<9月9日(水)>
乾ききったアスファルトが濡れたのはいつ以来だろう。朝方、短時間ではあったけれど雨が落ちた。そのせいか気温も下がり、流れる風も涼しげで気持ちいい。
回復を見せた秋の空は青く光も強烈だ。窓の外、なんとも弱々しい蝉の声。燃え尽きるまでがんばれ。
ジャスト12時、ケータイが鳴った。連日の署長だ。ラーメン屋の『OSOMATSU』に行こう? あいにく怪人クンはランチを済ませてしまったんだ。悪いな。それでも署長は現れた。事務所の前で10分ほど立ち話。
「夜は空いてるぞ。どうだい、軽く1杯?」
「いや。用があるからダメなんだ、オヨヨ」
ふーん。
署長は自転車にまたがり走り去った。人それぞれ好みはあれど、そんなにいいかな? 極マズの殿堂が。懲りないM男だぜ。

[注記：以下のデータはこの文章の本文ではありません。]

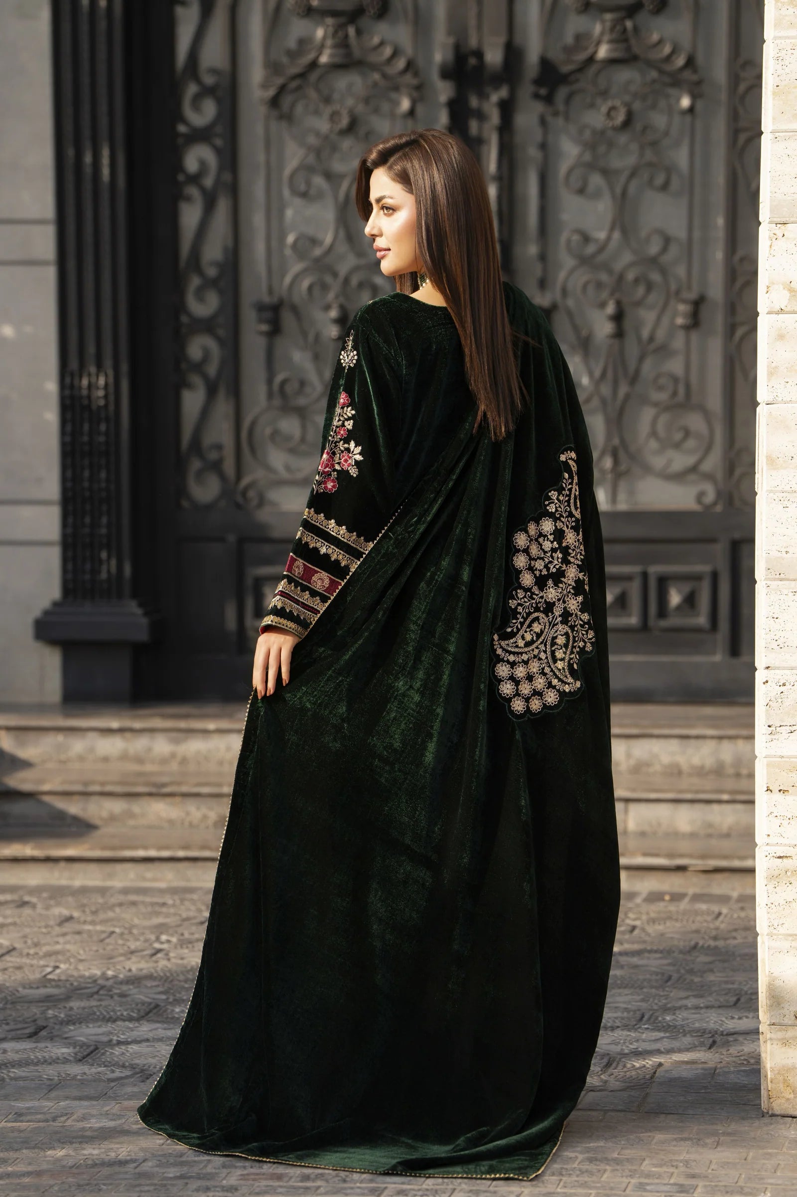 The embroidered velvet shirt features a shorter length, perfectly balanced with wide-leg embroidered velvet trousers for a dramatic and fashion-forward look. Completing the ensemble is a richly embroidered velvet shawl, adding warmth and a regal finishing touch.

そのメールがまぎれ込んだのは、西日が差した頃だった。
09年9月9日。まさしく〝999(スリーナイン)の怪〟ともいえる出来事。
(●●ちゃん、お疲れさまです。集合は18時半、○○○○○の横でいいかな?)
聞いたことのない女の名前に、やさしいメッセージが続く。差出人は? ムフフ…。
文面からは同伴の匂いがプンプンしてくる。
けど彼、明らかに送り先を間違えてるな。放っておいたら今宵、約束の彼女に会えないままだぞ。でもせっかくだ。遊んでしまえ。怪人クンもワルよのう。
しばらく経って〝なりすまし〟のレスをした。
(●●です。わかったよ。その時間に○○○○○へ行くね)
心はあなたよ! お決まりのフリフリサインは忘れない。絵文字もそこそこに、真っ赤なハートマークを添えての送信だ。しかしなぁ。野郎に対してそんなものを付けるとは、夢にも思わなかったよ。
2時間後―――。
男から返事がある。
(連絡を待ちわびながら、柄にもなく誰かさんみたいにイラついてしまったよ(笑)。そっちへ出していたとはね…×××)
これを最後にメールが途絶えた。ということは、無事相手に会えたらしいな。
よかったじゃないか、オヨヨ。
※扇(写真)の向こうに、ともだち。